Dataset items:
━━━

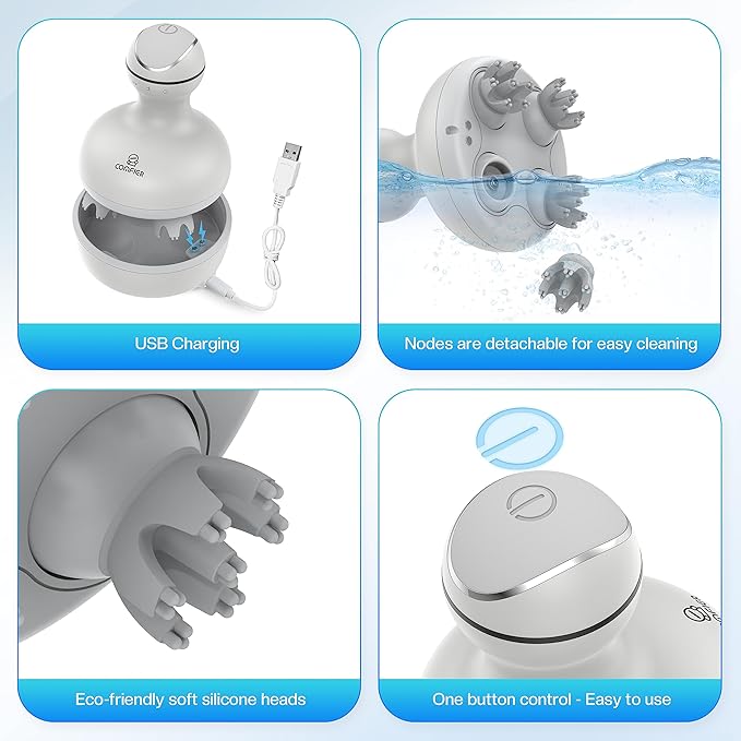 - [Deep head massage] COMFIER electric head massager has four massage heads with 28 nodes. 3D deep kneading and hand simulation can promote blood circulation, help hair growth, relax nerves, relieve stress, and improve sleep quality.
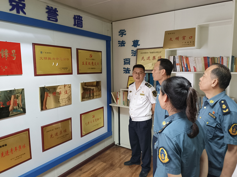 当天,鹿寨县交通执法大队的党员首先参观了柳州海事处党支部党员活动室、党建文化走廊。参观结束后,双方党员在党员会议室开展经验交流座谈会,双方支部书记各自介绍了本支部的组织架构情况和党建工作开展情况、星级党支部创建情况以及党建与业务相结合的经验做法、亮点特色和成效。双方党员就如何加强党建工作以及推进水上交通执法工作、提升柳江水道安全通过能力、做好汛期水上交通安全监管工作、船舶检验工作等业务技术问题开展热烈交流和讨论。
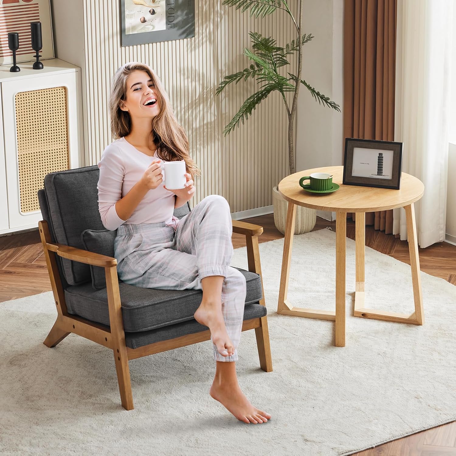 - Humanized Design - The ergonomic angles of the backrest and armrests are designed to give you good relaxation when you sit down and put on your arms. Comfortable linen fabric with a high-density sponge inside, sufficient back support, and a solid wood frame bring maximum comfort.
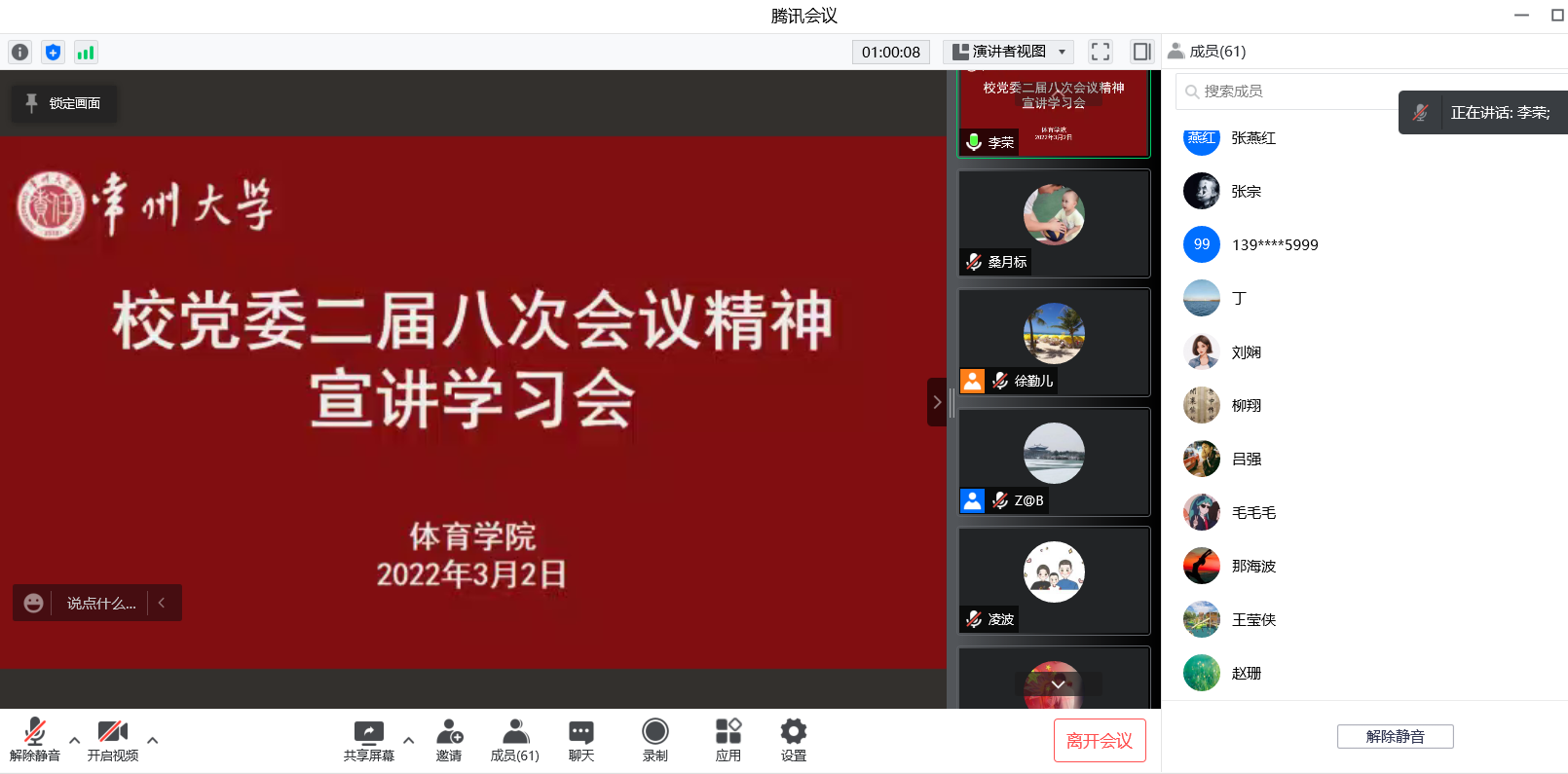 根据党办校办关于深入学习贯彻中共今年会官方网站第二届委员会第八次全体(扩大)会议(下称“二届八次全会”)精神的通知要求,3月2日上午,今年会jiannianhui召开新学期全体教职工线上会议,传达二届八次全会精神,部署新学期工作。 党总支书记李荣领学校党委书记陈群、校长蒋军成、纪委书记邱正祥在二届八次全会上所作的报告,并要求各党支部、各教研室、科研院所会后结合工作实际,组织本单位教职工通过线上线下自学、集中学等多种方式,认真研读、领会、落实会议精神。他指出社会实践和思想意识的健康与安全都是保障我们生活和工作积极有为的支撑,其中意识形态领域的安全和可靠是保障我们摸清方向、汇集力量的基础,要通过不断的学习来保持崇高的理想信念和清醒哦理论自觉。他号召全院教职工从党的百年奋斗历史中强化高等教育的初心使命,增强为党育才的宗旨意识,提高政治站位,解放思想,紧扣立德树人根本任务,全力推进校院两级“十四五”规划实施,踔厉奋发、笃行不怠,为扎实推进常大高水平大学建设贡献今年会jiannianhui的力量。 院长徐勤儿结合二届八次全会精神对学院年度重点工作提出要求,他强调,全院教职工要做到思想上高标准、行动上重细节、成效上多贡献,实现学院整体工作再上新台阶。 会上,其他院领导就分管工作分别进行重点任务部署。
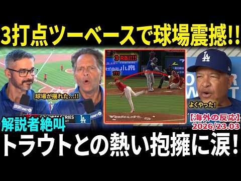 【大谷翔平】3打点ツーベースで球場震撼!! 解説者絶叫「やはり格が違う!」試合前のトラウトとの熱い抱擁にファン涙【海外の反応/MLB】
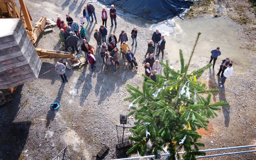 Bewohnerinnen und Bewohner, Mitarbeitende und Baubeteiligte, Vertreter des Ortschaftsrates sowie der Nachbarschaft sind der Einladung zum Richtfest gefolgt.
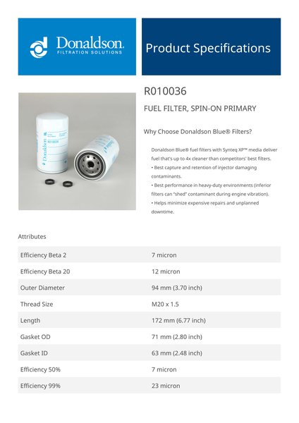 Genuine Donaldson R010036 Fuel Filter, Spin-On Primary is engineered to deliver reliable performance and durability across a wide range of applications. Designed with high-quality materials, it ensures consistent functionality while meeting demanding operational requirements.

━━━

> **What is being asked**: Return the entries above in full and unchanged, omitting every image.

> **Expected answer**:
 - [Deep head massage] COMFIER electric head massager has four massage heads with 28 nodes. 3D deep kneading and hand simulation can promote blood circulation, help hair growth, relax nerves, relieve stress, and improve sleep quality.
 当天,鹿寨县交通执法大队的党员首先参观了柳州海事处党支部党员活动室、党建文化走廊。参观结束后,双方党员在党员会议室开展经验交流座谈会,双方支部书记各自介绍了本支部的组织架构情况和党建工作开展情况、星级党支部创建情况以及党建与业务相结合的经验做法、亮点特色和成效。双方党员就如何加强党建工作以及推进水上交通执法工作、提升柳江水道安全通过能力、做好汛期水上交通安全监管工作、船舶检验工作等业务技术问题开展热烈交流和讨论。
 - Humanized Design - The ergonomic angles of the backrest and armrests are designed to give you good relaxation when you sit down and put on your arms. Comfortable linen fabric with a high-density sponge inside, sufficient back support, and a solid wood frame bring maximum comfort.
 根据党办校办关于深入学习贯彻中共今年会官方网站第二届委员会第八次全体(扩大)会议(下称“二届八次全会”)精神的通知要求,3月2日上午,今年会jiannianhui召开新学期全体教职工线上会议,传达二届八次全会精神,部署新学期工作。 党总支书记李荣领学校党委书记陈群、校长蒋军成、纪委书记邱正祥在二届八次全会上所作的报告,并要求各党支部、各教研室、科研院所会后结合工作实际,组织本单位教职工通过线上线下自学、集中学等多种方式,认真研读、领会、落实会议精神。他指出社会实践和思想意识的健康与安全都是保障我们生活和工作积极有为的支撑,其中意识形态领域的安全和可靠是保障我们摸清方向、汇集力量的基础,要通过不断的学习来保持崇高的理想信念和清醒哦理论自觉。他号召全院教职工从党的百年奋斗历史中强化高等教育的初心使命,增强为党育才的宗旨意识,提高政治站位,解放思想,紧扣立德树人根本任务,全力推进校院两级“十四五”规划实施,踔厉奋发、笃行不怠,为扎实推进常大高水平大学建设贡献今年会jiannianhui的力量。 院长徐勤儿结合二届八次全会精神对学院年度重点工作提出要求,他强调,全院教职工要做到思想上高标准、行动上重细节、成效上多贡献,实现学院整体工作再上新台阶。 会上,其他院领导就分管工作分别进行重点任务部署。
 【大谷翔平】3打点ツーベースで球場震撼!! 解説者絶叫「やはり格が違う!」試合前のトラウトとの熱い抱擁にファン涙【海外の反応/MLB】
 Bewohnerinnen und Bewohner, Mitarbeitende und Baubeteiligte, Vertreter des Ortschaftsrates sowie der Nachbarschaft sind der Einladung zum Richtfest gefolgt.
 Genuine Donaldson R010036 Fuel Filter, Spin-On Primary is engineered to deliver reliable performance and durability across a wide range of applications. Designed with high-quality materials, it ensures consistent functionality while meeting demanding operational requirements.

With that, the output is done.